The Human Legion Deluxe Box Set 2
Page 36
“Hey, little brother.”
Remus froze. Was this grief overwhelming his mind?
“Hands off my girlfriend!”
“Rom!” screamed Janna.
It really was him.
Romulus clapped Remus on the shoulder, a smile plastered all over his silly face. “Don’t look so surprised, bro. I always make it back. It’s you lot I have to worry about.”
As Romulus moved on to Janna’s bedside, the joy froze over Remus’s face. Then it shattered.
He studied Janna’s expression as she pulled Romulus toward her and eased into his embrace before they started to kiss. No, she hadn’t seen what he had.
Remus had seen right through the smile on Romulus’s face to the terrible burden he carried on the inside.
Something was wrong with his brother.
Very wrong.
—— PART II ——
A MEMORY
OF
THE FUTURE
Human Legion
— INFOPEDIA —
HISTORY OF THE LEGION
– Civil Administration and Politics Part I
The Human Legion grew to become something much larger and more significant than its originators ever conceived, but its origins lay in the Human Marine Corps and its depot planet of Tranquility. The humans were slaves, and their Jotun officers were also slaves, albeit more elevated ones. This was a standard part of the White Knight strategy for regional dominance: vulnerable worlds, and those conquered by other factions, would beg for the White Knights’ protection against an extremely dangerous galaxy.
White Knight Vassal worlds were allowed a semblance of autonomy to run their own affairs so long as their economic, military, and scientific endeavors were bent to the will of their overlords.
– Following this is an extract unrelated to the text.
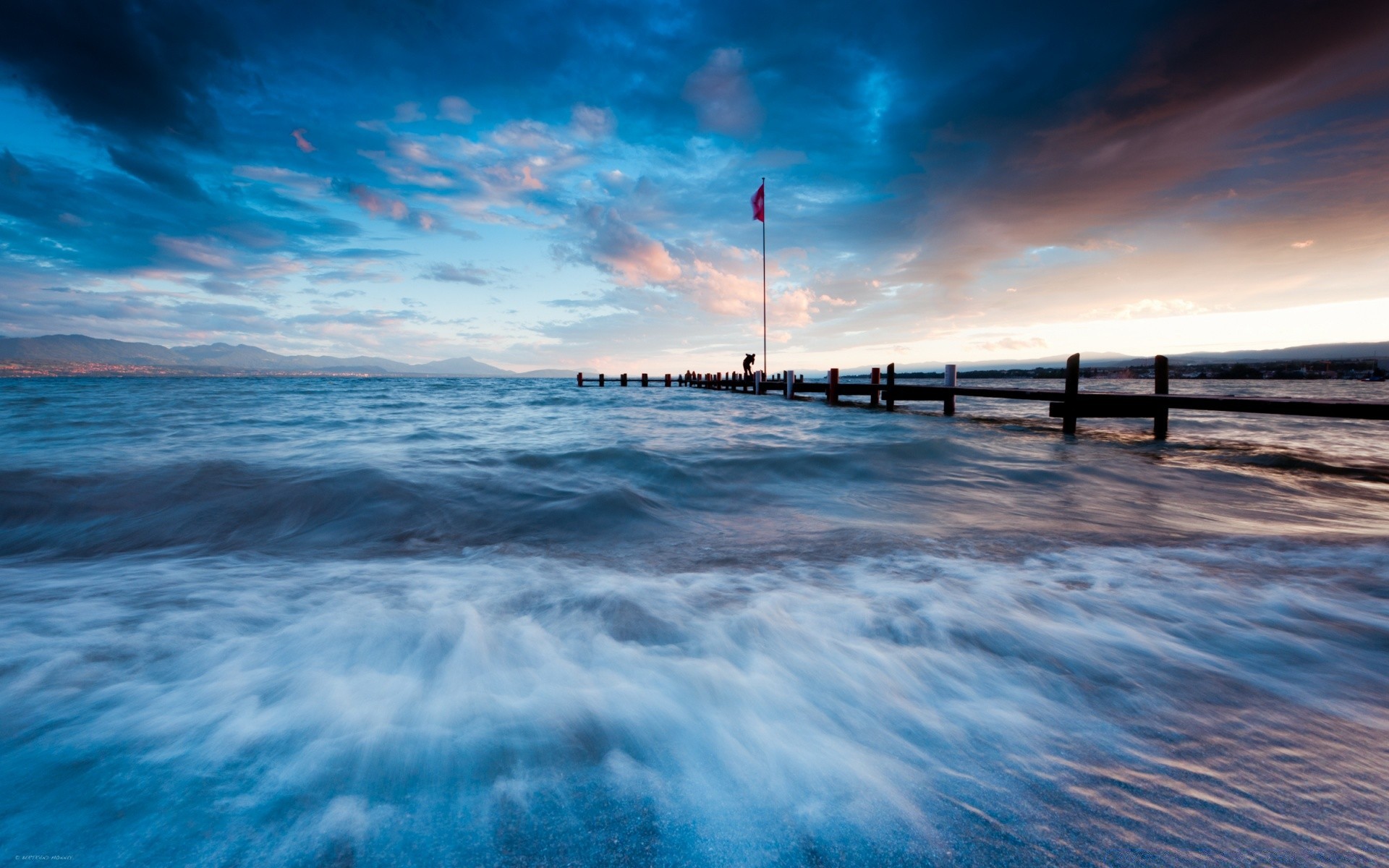 Olinokaya barca sul lago sullo sfondo del tramontoOlinokaya barca sul lago sullo sfondo del tramonto

Indeed, in comparison with invasion, occupation, or destruction at the hands of other strong species, the legally binding terms dictated by the White Knights in return for their protection appeared extremely lenient.
The term ‘White Knight’ is a human one, and comes from humanity’s own introduction to the brutal realities of not being alone in the galaxy. In the series of treaties known as the Vancouver Accords, the human race signed away many cherished freedoms – and a million of its children – in return for patronage from these powerful protectors who had chased away the rivals who had enslaved, occupied, and destroyed as they saw fit across the face of the Earth. Despite some harsh terms, the Vancouver Accords were popular at the time, and the White Knights were given their name because they appeared to be shining paladins who had ridden to humanity’s rescue.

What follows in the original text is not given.